The role of fads in computational complexity theory

Heidi Klum is of course not a computer scientist, but is a world famous model and the host of the hit TV show “Project Runway.” To paraphrase her: “In theory (fashion), one day you are in and one day you are out.”

What I would like to discuss today is the way that computational theory is driven, at least partly, by fads. According to the dictionary a fad is: a temporary fashion, notion, manner of conduct, etc., especially one followed enthusiastically by a group. What is in yesterday, may be out today.

In any science it is natural for topics to change over time. As progress is made, topics must evolve. This evolution may make old topics obsolete, and open up entire new ones, which will have their own questions. These questions may require new methods for further progress to be made, and so on. This type of change is natural and healthy.

I have two concerns, first, that important old ideas maybe tossed aside, forgotten. I will shortly give a list of topics that once were very much in favorite and are now out. This may be okay, but one consequence is that important earlier work is not generally known by today’s researchers.

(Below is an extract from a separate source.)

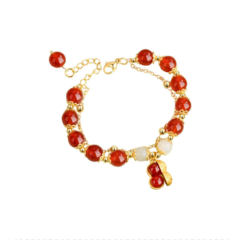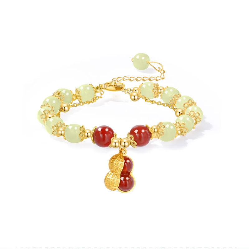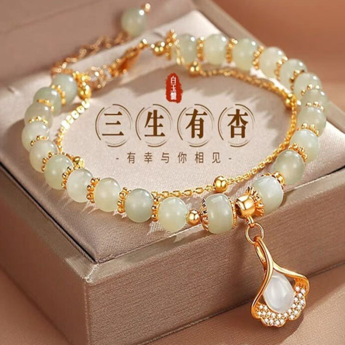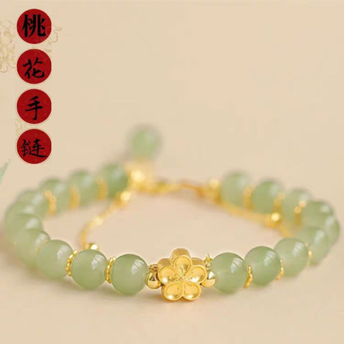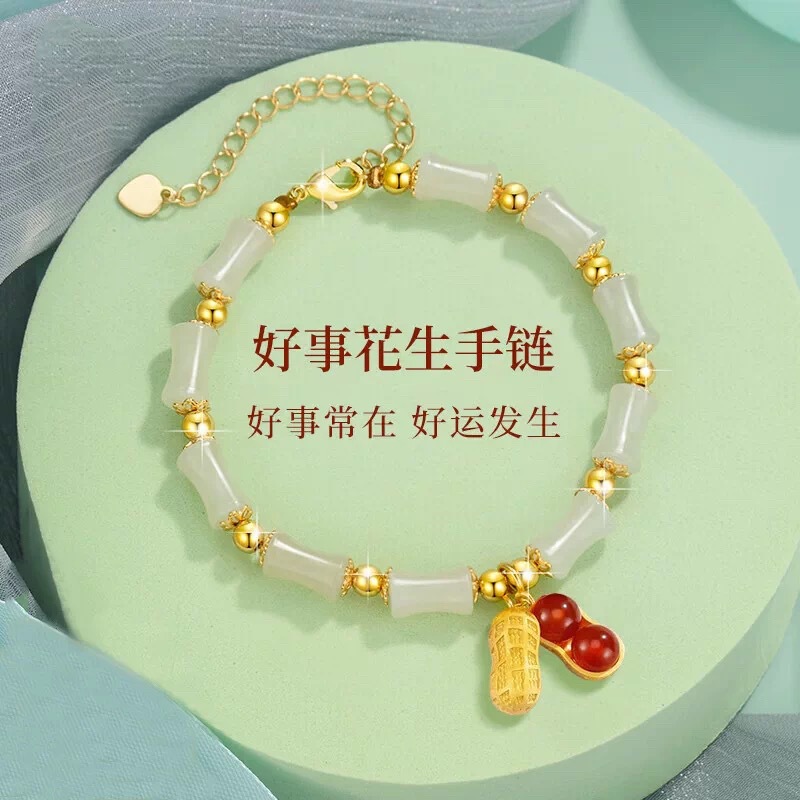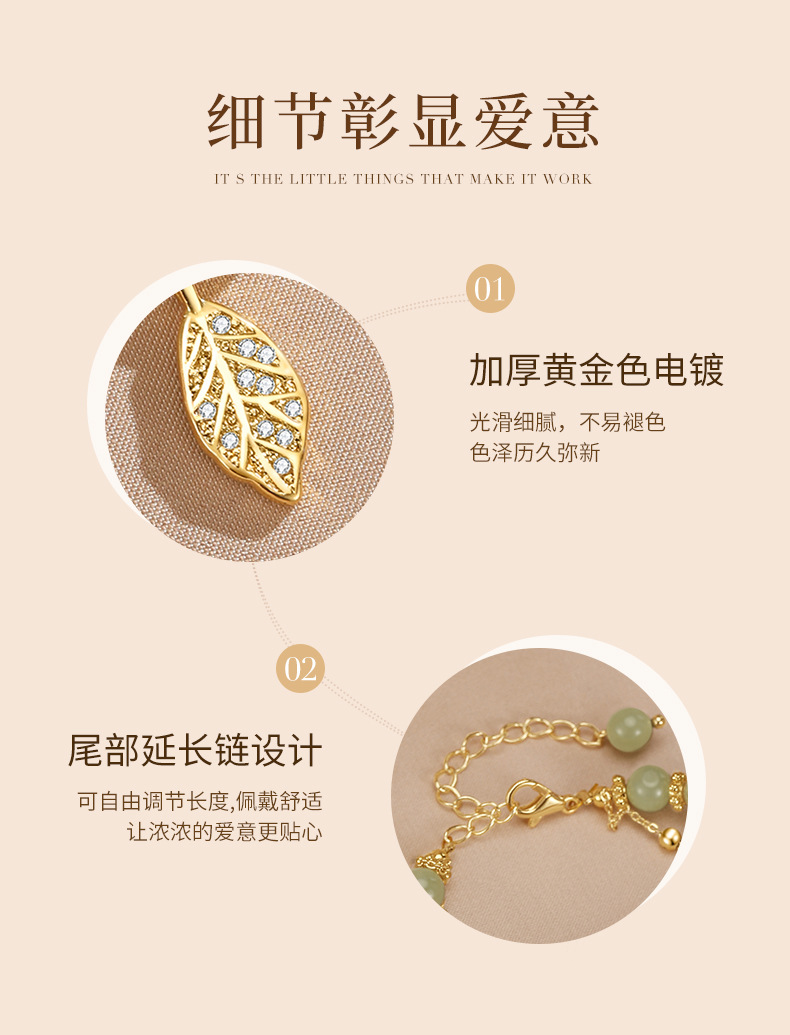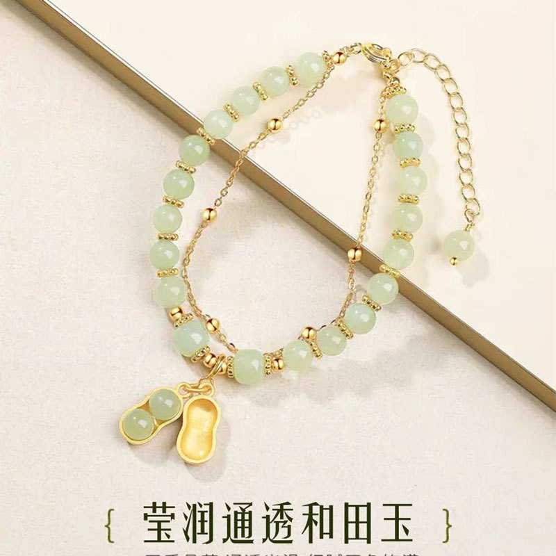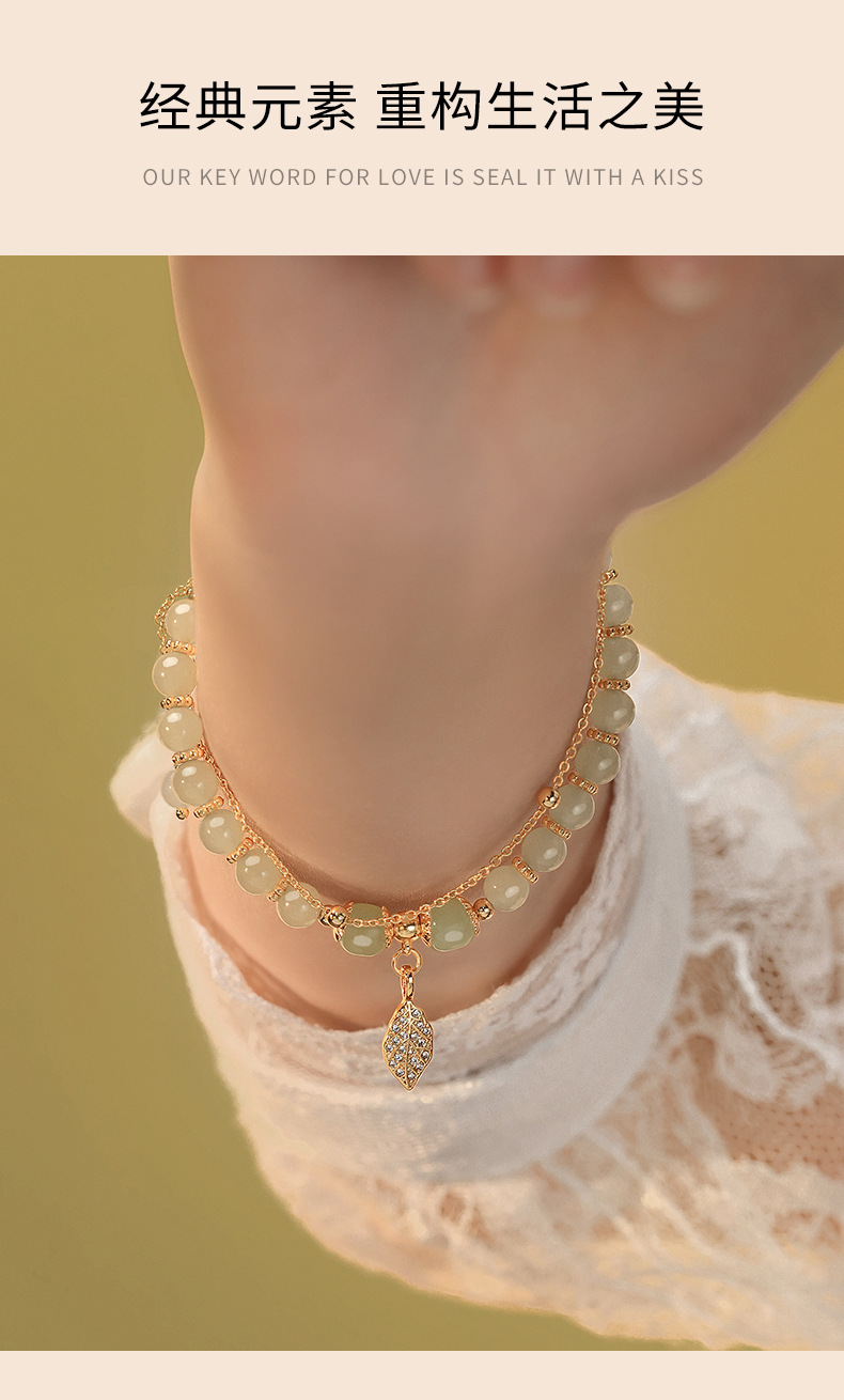 925銀鑲鋯石金枝玉葉手鏈和田玉小衆手串珠手飾女式鍍黃金色

Those who cannot remember the past are condemned to repeat it.

From George Santayana.

Second, I am concerned that the dominance of fads, in computational theory, could negatively effect the future. In my last post I discussed the reasons that Georg Cantor kept a low profile in naming his first paper, which proved that the reals are uncountable. He was afraid of the controversy his work had already stirred up. In that post, I raised a question: if his work was happening today, would he be able to get funded, get promoted, or get into top conferences? I wonder.

A Disclaimer

I want to say up front that I have worked on many of these “fads”, so am throwing stones at my work too. I do want to point out that there are areas that were once central to theory, and have gone out of favor. I think there are important results in some of these areas that we all should know, but many do not. Also we might ask ourselves, the next time we judge what is “in” and what is “out”, will our own area go out of favor someday?

What is a Blum Complexity measure? If you guessed it is a measure named after the famous Manny Blum, you are on the right track. In the late 1960’s Blum decided to generalize the notion of time and space resource measures. He did this by creating a simple pair of axioms that any “reasonable” complexity measure should have. More importantly he, and others, proved a number of interesting theorems about any resource measure that satisfied his axioms.

One of the big results in Blum complexity measure theory is that there are problems with no “optimal” algorithm. A basic example of this is:

Theorem: There is a recursive set so that given any algorithm for the set with running time ${T(n),}$ there is another algorithm for the set that runs in time ${\log T(n)}$ for large enough ${n}$.

There were much stronger results, I only give this as an indication of the type of results that were proved. This theorem and its cousins are called “Speed-Up Theorems.”

When I was a graduate student, Blum complexity theory was the rage. One half of the theory qualifier at Carnegie-Mellon, the year I took it, was a question of the form: consider a resource measure ${X}$, is it or is it not a Blum Complexity Measure? I had a very short proof that showed that the answer was no–the measure ${X}$ violated the speedup theorem. But I worried a bit that my answer could be wrong, since it was so short.

The beauty of the area was that the complexity measures were defined by two simple axioms and so the results applied equally to time or space or even other exotic measures. The reason the area became less important, I think, was not that the results were not beautiful, nor technically difficult, but that they applied only to artificial problems. Further, the focus of theory shifted to not what properties did time and space have in common, but how were they different. See this for Fortnow’s thoughts on this topic.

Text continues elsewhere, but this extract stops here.